According to an advance chapter of the 2019 Emissions Gap Report produced by the UN Environment Programme (UNEP), G20 economies, which account for 80% of GHG emissions, are not on course to achieve their Paris Agreement commitments. Indeed, those countries would need to reduce their emissions by an extra 2.5 GtCO2eq/year by 2030 to meet their unconditional NDCs and by 3.5 GtCO2eq/year to reach the targets of their conditional NDCs. So far, too few countries have committed to net-zero GHG emission targets and national commitments to fully decarbonise power supplies account for less than 1% of global CO2 emissions from power generation.

However, G20 country can rapidly ramp up action when they submit their next round of NDCs in 2020, by taking advantage of technological and economic developments to decarbonize their economies, maximizing the synergies between climate action and development objectives, and building on a surge of climate action commitments by non-state actors.
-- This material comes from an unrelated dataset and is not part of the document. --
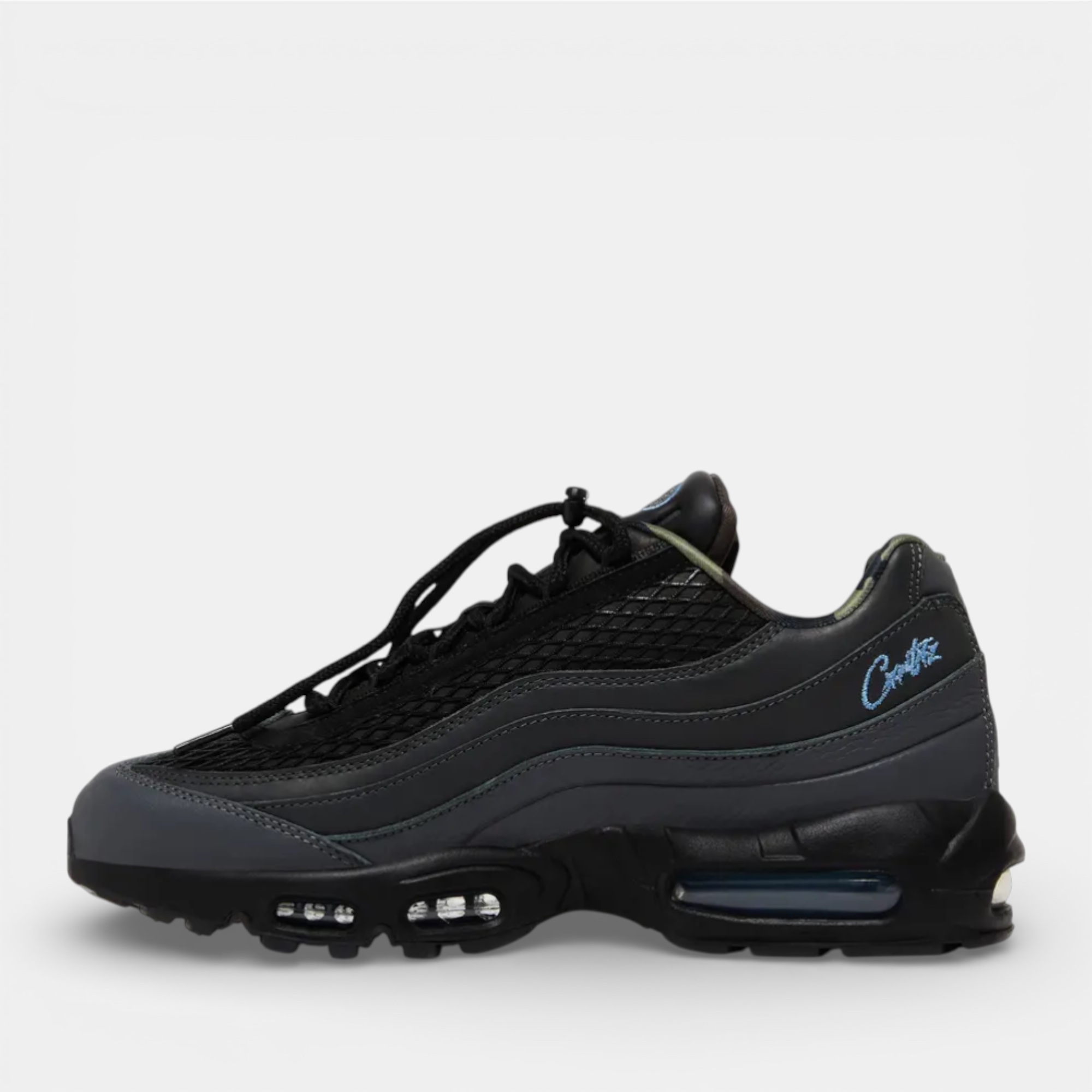 La paire associe un upper en cuir et mesh, avec des empiècements ondulés à finition “Gridiron” qui structurent visuellement la tige. Le mesh noir autour du col contraste avec le mudguard gris clair pour un rendu équilibré et net. Côté détails, Corteiz signe la paire avec plusieurs broderies sur l’avant-pied latéral et le talon de la chaussure gauche, tandis qu’un mini Swoosh bleu clair est brodé sur le talon latéral droit. On retrouve également des éléments camouflage sur la doublure, la semelle intérieure, la languette et le branding talon, ainsi qu’un système de laçage à cordon. L’ensemble repose sur une semelle noire équipée d’unités Max Air visibles au talon et à l’avant-pied.

Concrete options for G20 economies to consider include among others policy recommendations by UNEP, a ban on all new coal-fired power plants in China, regulations to refrain from investment in fossil fuel infrastructure in the European Union, a commitment to full decarbonisation of the energy supply by 2050 in Brazil, as well as vehicle and fuel economy standards that target zero emissions from new cars in 2030 in the United States.